On the one hand, Key Performance Indicators are a natural and necessary method for organizations to measure themselves and their people.
“Here are the things we care about. How did we do against those things?”
But the problem is the cat and when he gets out of the bag.
Because once you know how you’re being measured, you can easily game the system. It’s why oil companies can score high on the ESG scale, and fast food companies can score high on healthy eating initiatives, and big pharma scores well for affordable health programs.
If the help desk worker knows she’s being judged against how many tickets she closes and how fast, you gotta know that she’s closing tickets quickly and reopening new ones for the same issues.
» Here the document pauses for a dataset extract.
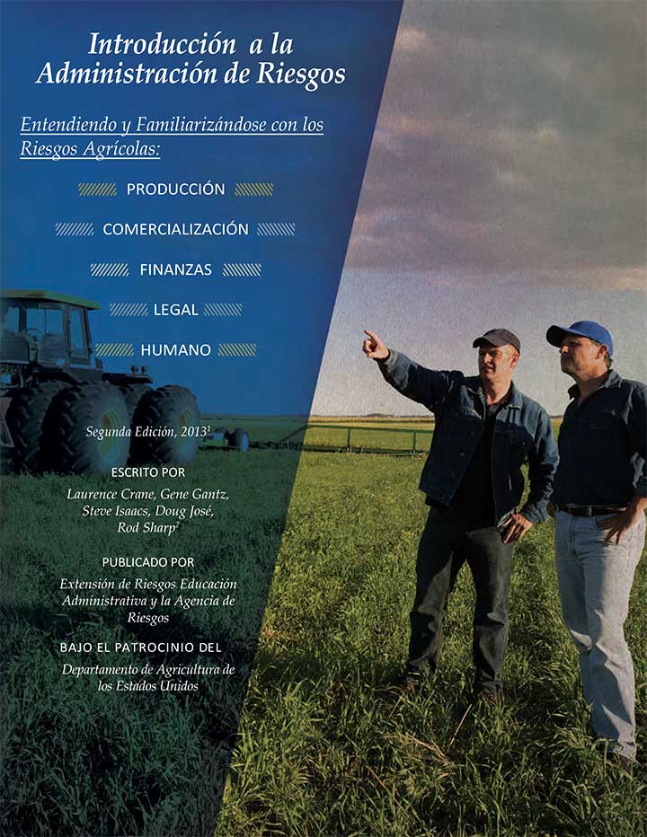 Este manual está diseñado para mejorar las habilidades de gestión de riesgos de los agricultores y ganaderos estadounidenses. Existe una amplia gama de herramientas de gestión de riesgos establecidas listas para ser utilizadas y siempre se están desarrollando nuevas herramientas. Al conocer y utilizar estas herramientas, los productores de cultivos y ganado pueden generar la confianza necesaria para enfrentar los riesgos y las emocionantes oportunidades del futuro.

If a software developer knows he’s being judged against story points (or lines of code), you gotta know he’s inflating the points associated with his tasks (or writing extra lines of code).
That’s human nature. We optimize for what’s being measured. But optimizing isn’t the same as doing what’s best. It’s just doing what’s counted.
The fix?
First is transparency. Here are some KPI’s, but KPIs are not the only story. Impact is, and impact may be subjective. You care about the full picture, not just a scorecard.
Second, mix it up. Change the KPI’s. Reveal some after the fact.
Third, foster a culture of genuine improvement. Celebrate and encourage the innovations and attempts that didn’t work.
KPI’s aren’t the north star. Your mission is.